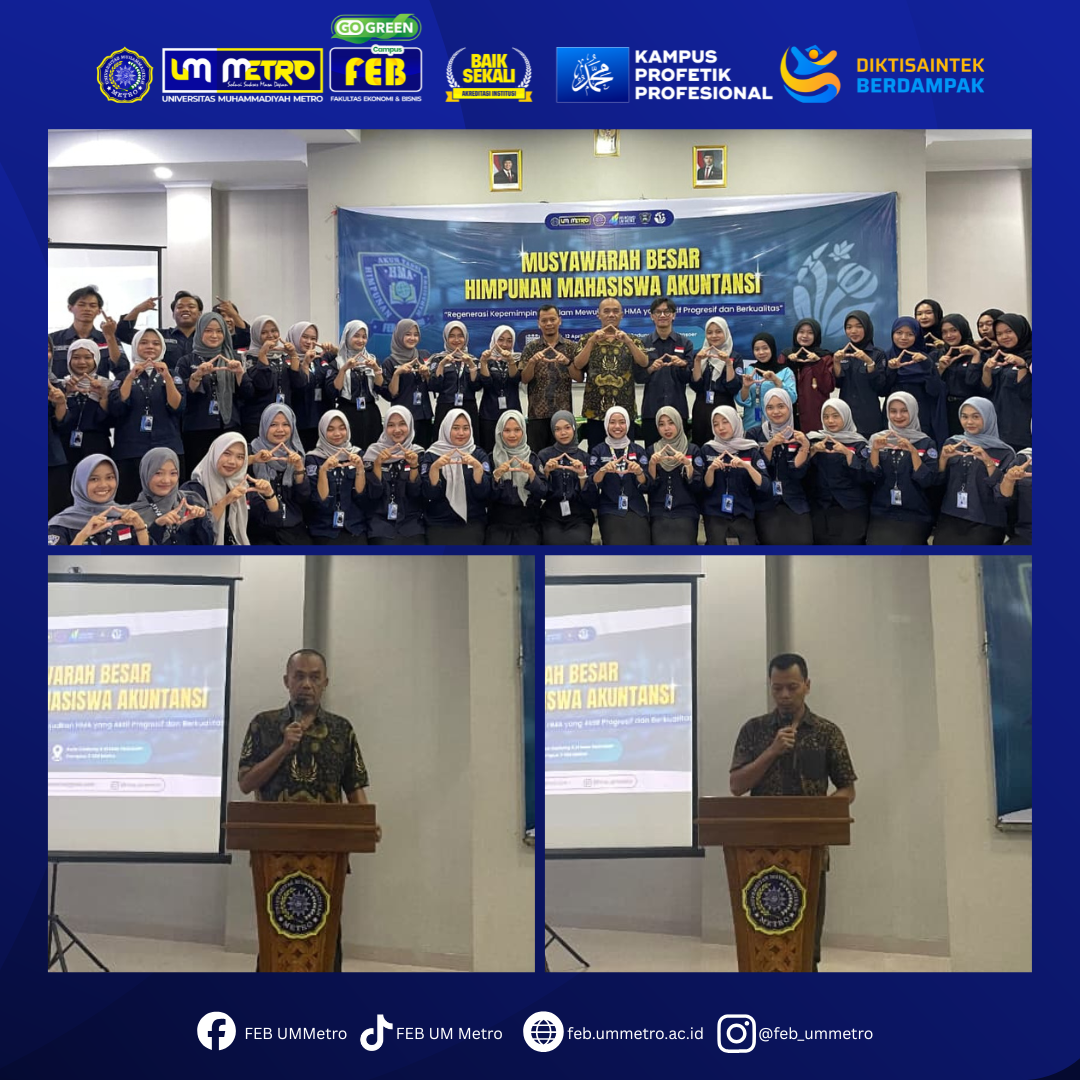 FEB UM Metro, 12 April 2026 – Dekan Fakultas Ekonomi dan Bisnis Universitas Muhammadiyah Metro Dr.E. Febriyanto, SE, MM. secara resmi membuka kegiatan Musyawarah Besar (MUBES) Himpunan Mahasiswa Akuntansi (HMA) pada Ahad, 12 April 2026. Kegiatan ini dilaksanakan di Aula Kampus 3 UM Metro dan berlangsung dengan khidmat serta penuh semangat kebersamaan.
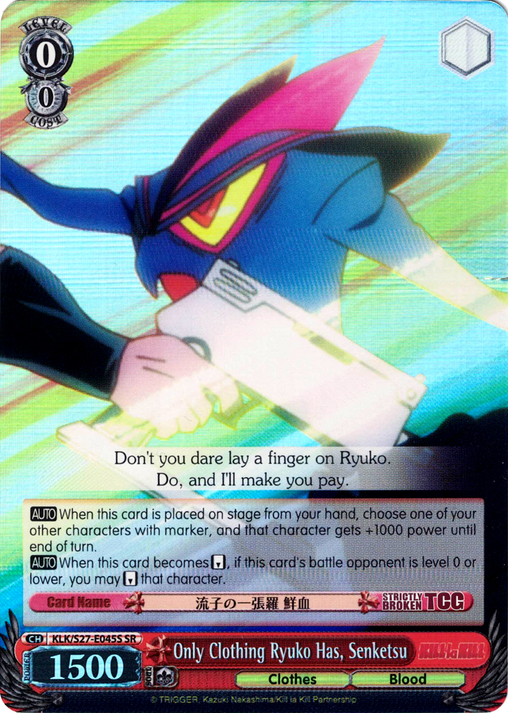 The Kill la Kill Foils English Weiss Schwarz Trading Card Game card images used on this site have been obtained and re-posted from Bushiroad websites in accordance to the guidelines stated there. Re-use of these images (re-post, distribution) is strictly prohibited.
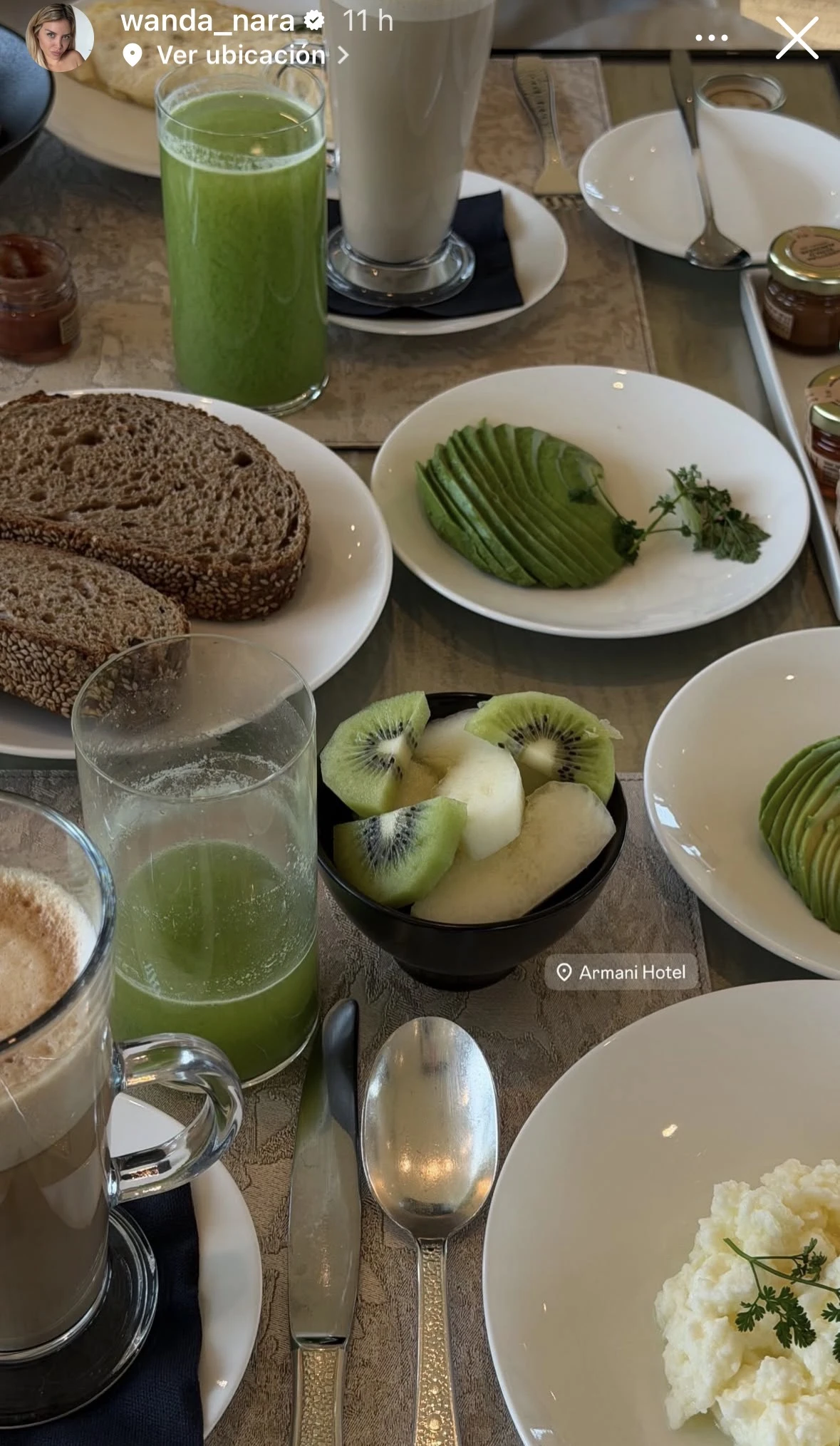 Los huéspedes disfrutan de cenas a cargo del Chef Ejecutivo Francesco Mascheroni, conocido por reinventar la cocina italiana con un toque contemporáneo. En este caso, lo que fotografió Wanda es un bruch frugal con jugos verdes. Todo en una paleta engamada, marca registrada del hotel.
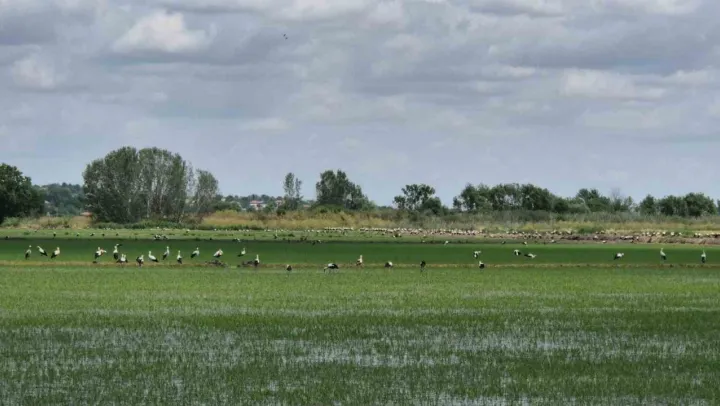 Kırklareli'nin Lüleburgaz ilçesinde leylek sürüleri çeltik tarlalarına akın etti, tarlalar adeta beyaz örtüyle kaplandı.
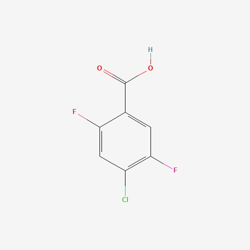 The molecular weight of 4-Chloro-2,5-difluorobenzoic acid is 192.55 g/mol. The InChI key is PEPCYJSDHYMIFN-UHFFFAOYSA-N. The SMILES string is OC(=O)c1cc(F)c(Cl)cc1F.
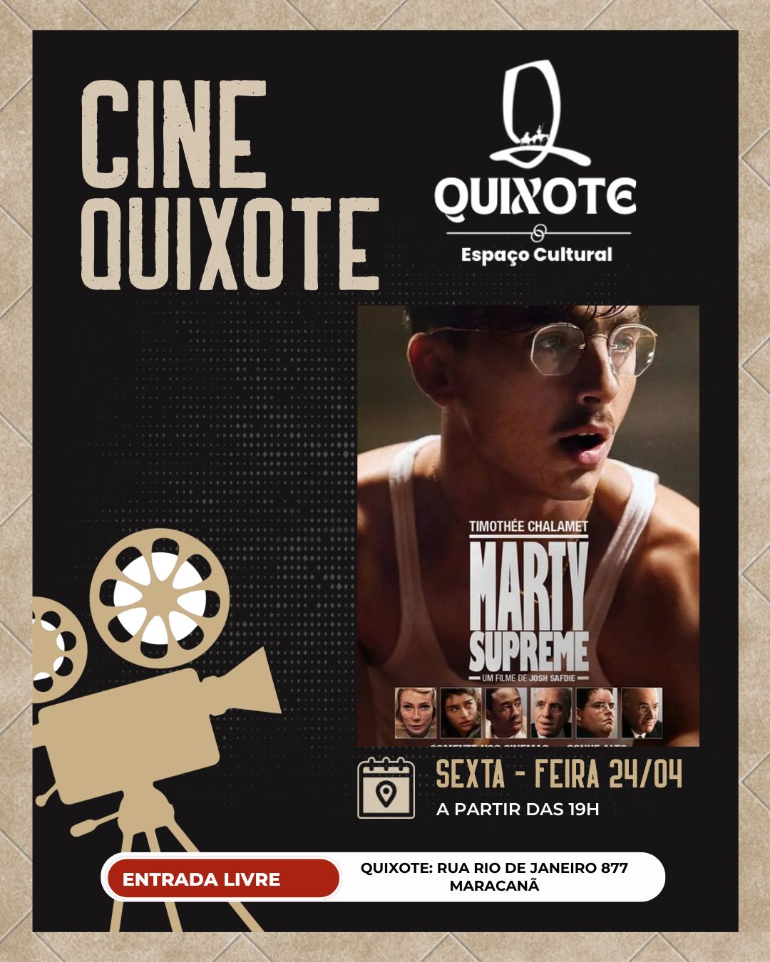 Para quem busca um programa cultural nesta sexta-feira, o Cine Quixote apresenta Marty Supreme, filme estrelado por Timothée Chalamet que acompanha a trajetória incomum de uma das figuras mais marcantes do esporte norte-americano.
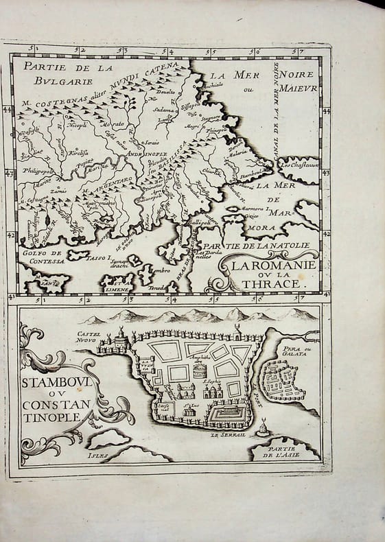 [Philippe Briet, Parallela geographiae veteris et novae] La Romanie ou la Thrace - Stamboul ou Constantinople - Grèce et Turquie. Gravure originale, 1649, environ 240*170mm. Gravure tirée de l'ouvrage du savant jésuite Philippe Briet (1601-1668) publié en 1648-1649. Texte au dos. [436]
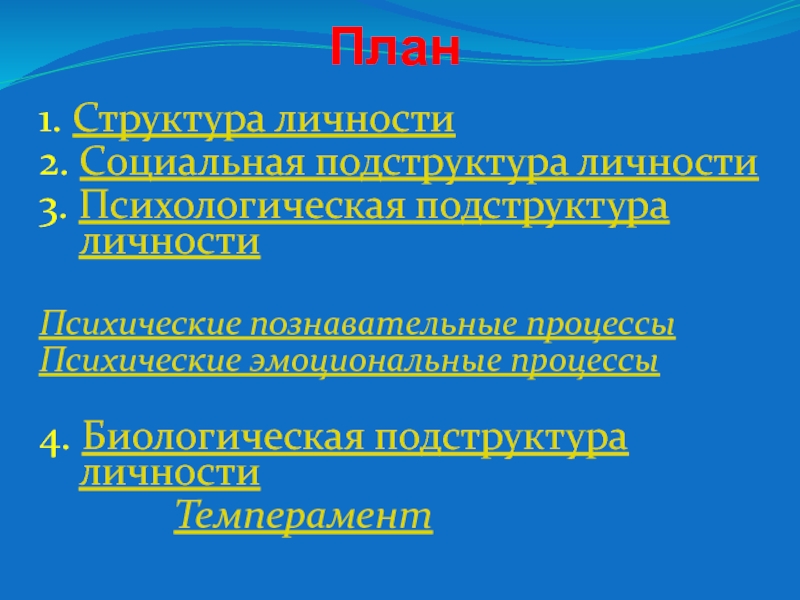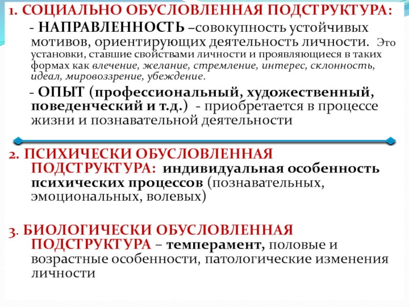 3. БИОЛОГИЧЕСКИ ОБУСЛОВЛЕННАЯ ПОДСТРУКТУРА – темперамент, половые и возрастные особенности, патологические изменения личности
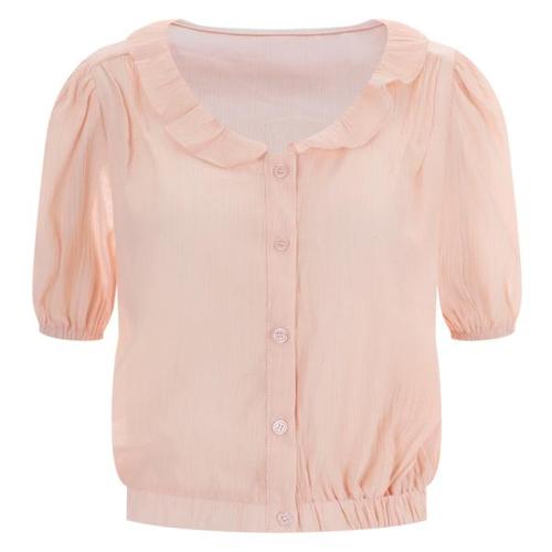 [샵앤][샵앤] 프릴넥 라운드 여성 퍼프소매 반팔 블라우스 EAN-WBL-11977-피치
::::::
After locating "The Kill la" and "Los huéspedes disfrutan" in the records above, return exactly the line holding each one and every line between them; leave out the pictures.

ANSWER SPACE
 The Kill la Kill Foils English Weiss Schwarz Trading Card Game card images used on this site have been obtained and re-posted from Bushiroad websites in accordance to the guidelines stated there. Re-use of these images (re-post, distribution) is strictly prohibited.
 Los huéspedes disfrutan de cenas a cargo del Chef Ejecutivo Francesco Mascheroni, conocido por reinventar la cocina italiana con un toque contemporáneo. En este caso, lo que fotografió Wanda es un bruch frugal con jugos verdes. Todo en una paleta engamada, marca registrada del hotel.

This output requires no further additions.